This tool can deduplicate multiple directories that share the same directory structure. Deduplication is done by hard-linking. (While hard-linking is supported on Windows, this tool is only tested on Linux).
Imagine you had the following directory structures:
./foo
|-- one/
| |-- a.txt
| `-- b.txt
`-- c.txt
which was replicated in several different directories, for example testA/
, testB/
and testC/
. The directories passed in on the
command line are called "root directories" or "roots".
If you run ./dedup test*
, the first directory will be used as the primary tree to be walked. For each file in it,
dedup.rs will check to see if it exists in the other roots. For example, does testB/foo/one/a.txt
and testC/foo/one/a.txt
exist?
Each file that exists in multiple roots will be checked for content sameness. Any files that are identical will be hard-linked together.
To create the links, first a new link is created to a temporary file, and then then temporary file is moved on top of the real file.
When using hardlinking for deduplication, it's important to remember that editing a file will change every path that links to that file. This can be very surprising in some situations. Thus it is strongly recommended that once a folder is deduplicated, it be marked as read-only, and never written to.
When looking for files to deduplicate, they must exist in at least 2 of the roots. They need not exist in every root.
Given a set of files with the same name, the set is first partitioned based on content sameness.
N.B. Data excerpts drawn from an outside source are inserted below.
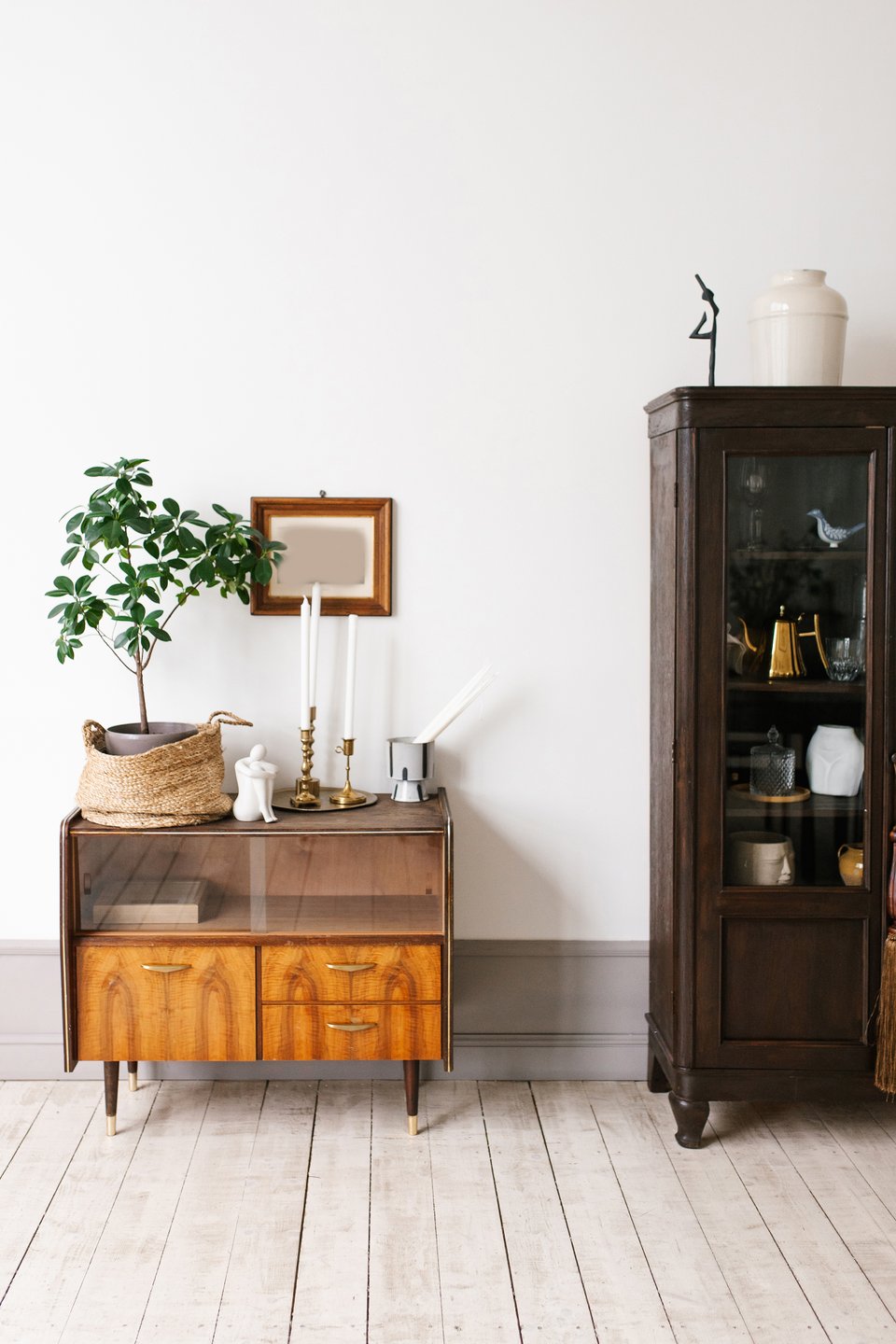 Винтажными обычно бывают вещи, которые касаются истории семьи: картины, фотографии, статуэтки, ковры. С ними интерьер получается очень атмосферным, но требует терпения: нужно выбирать достойные экземпляры, следить за их состоянием и аккуратно вписывать в пространство. Сложную технику, например, граммофон или тостер, необходимо наладить и отреставрировать. Часто под реставрацию попадают также изделия из массива: столики, кресла, стулья, буфеты.
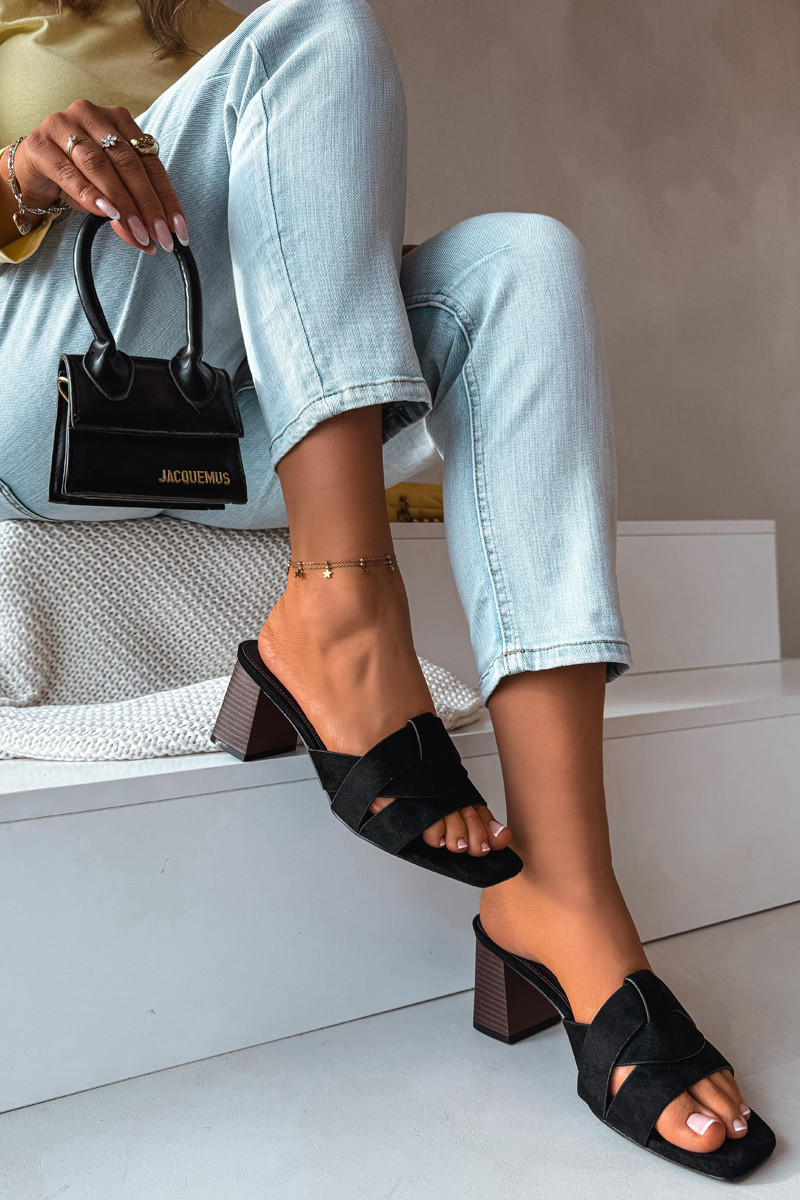 Naistel sussid kontsade ja rihmadega kunstsuede, musta värvi, Corivelle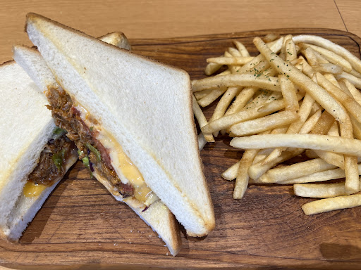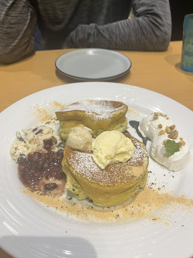 The address might say it's on 1F of the mall but the entrance faces the street so it's unnecessarily hard to find due to the weird shape of the mall building. The only perks of this place are spacious and comfy seats, opens late, and not crowded. Not bad if you have time to spare in this neighborhood like us, otherwise you can get much better pancakes at the same price (1,000-1,300 yen for 2...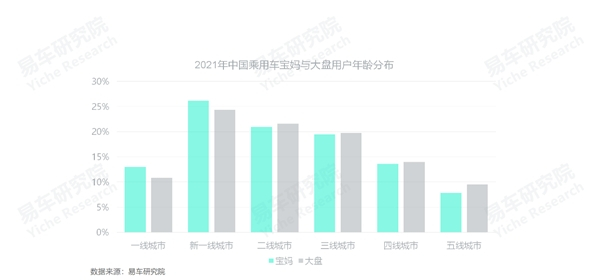 宝妈用户的城市分布高于大盘水平,2021年超60%的宝妈用户分布于大城市,大盘50%多点。城市越大,也会越多元越包容,相对更能滋润创新意识在,助力新型车企的发展。未来在中国车市热销的车型,不见得就是主流车企生产的;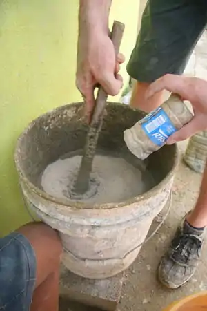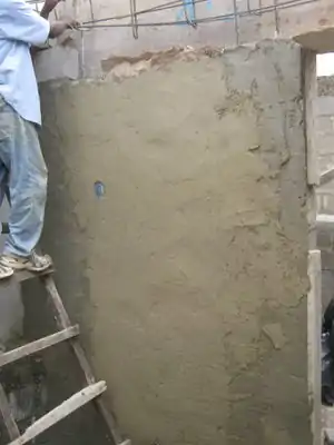 The plaster used was a traditional mix of sand, cement, and water. The first plaster layer used a ratio of approximately 18 shovels-full of sand and 1/3 of a bag of cement. Water was added slowly and mixed thoroughly until the consistency was thin enough to pass though the chicken-wire, but thick enough to hold its form inside the wall in the space between the bottles. The second layer of plaster needed to be just thin enough not to slide off the wall when applied. Each layer thereafter used a slightly lower ratio of sand per batch.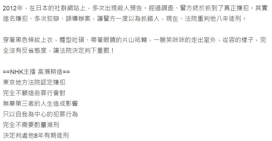 2012年,在日本的社群網站上,多次出現殺人預告。經過調查、警方終於抓到了真正嫌犯。其實這名嫌犯、多次狡辯、誤導辦案,讓警方一度以為抓錯人,現在、法院重判他八年徒刑。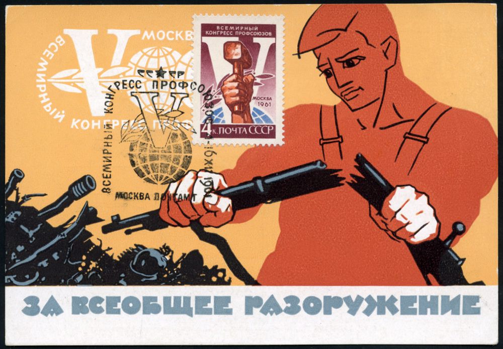 | 3921 | 15 € | KALTER KRIEG (OST-WEST-KONFLIKT) 1945-90 : UdSSR 1961 3 Kop. BiP Rakete, grün: 5. Weltgewerkschafts-Kongreß Moskau, Motiv zur Abrüstung = Arbeiter zerbricht Gewehr, Waffen-Schrott (das Gegenteil fand statt !), ungebr., vergl. Los Nr. 3922 | | |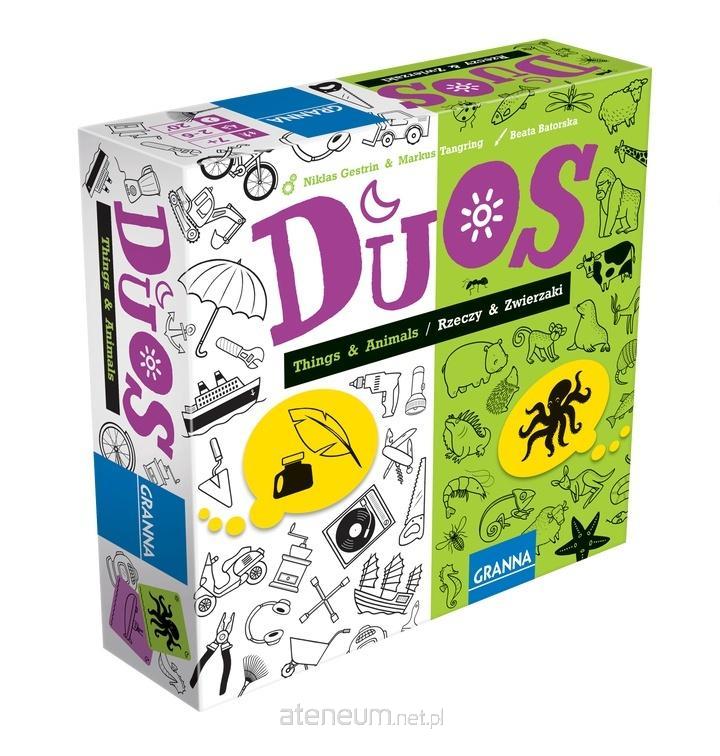 W "DUOS" liczy się kreatywność oraz umiejętność przywidywania skojarzeń pozostałych uczestników rozgrywki. Szybkie rundy i masa ciekawych rozmów nad stołem to właśnie "DUOS", towarzyska gra, która sprawdzi się zarówno w gronie rodziny, jak i znajomych. Jednocześnie na rynku zadebiutują dwa pudełka. Każde zawiera 2 kategorie i wszystko co potrzebne jest do zabawy. Zawartość obu można połączyć!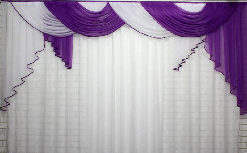Ламбрекен з тканини шифон на карниз 3 м. №140, колір фіолетовий з білим

As an example, if you had 5 files total, and files 1 and 2 were the same, and files 3 and 4 where the same, and file 5 was different from everything else, then files 1 and 2 would be hardlinked and files 3 and 4 would be hardlinked.
As an optimiation, files with different mtimes and file sizes are never considered the same. If they are, then the files are then hashed with with xxHash.
Given a set of files that have all been confirmed to be the same, the file with the most number of hardlinks is considered to be the "master". All other files are then linked to point to this master file.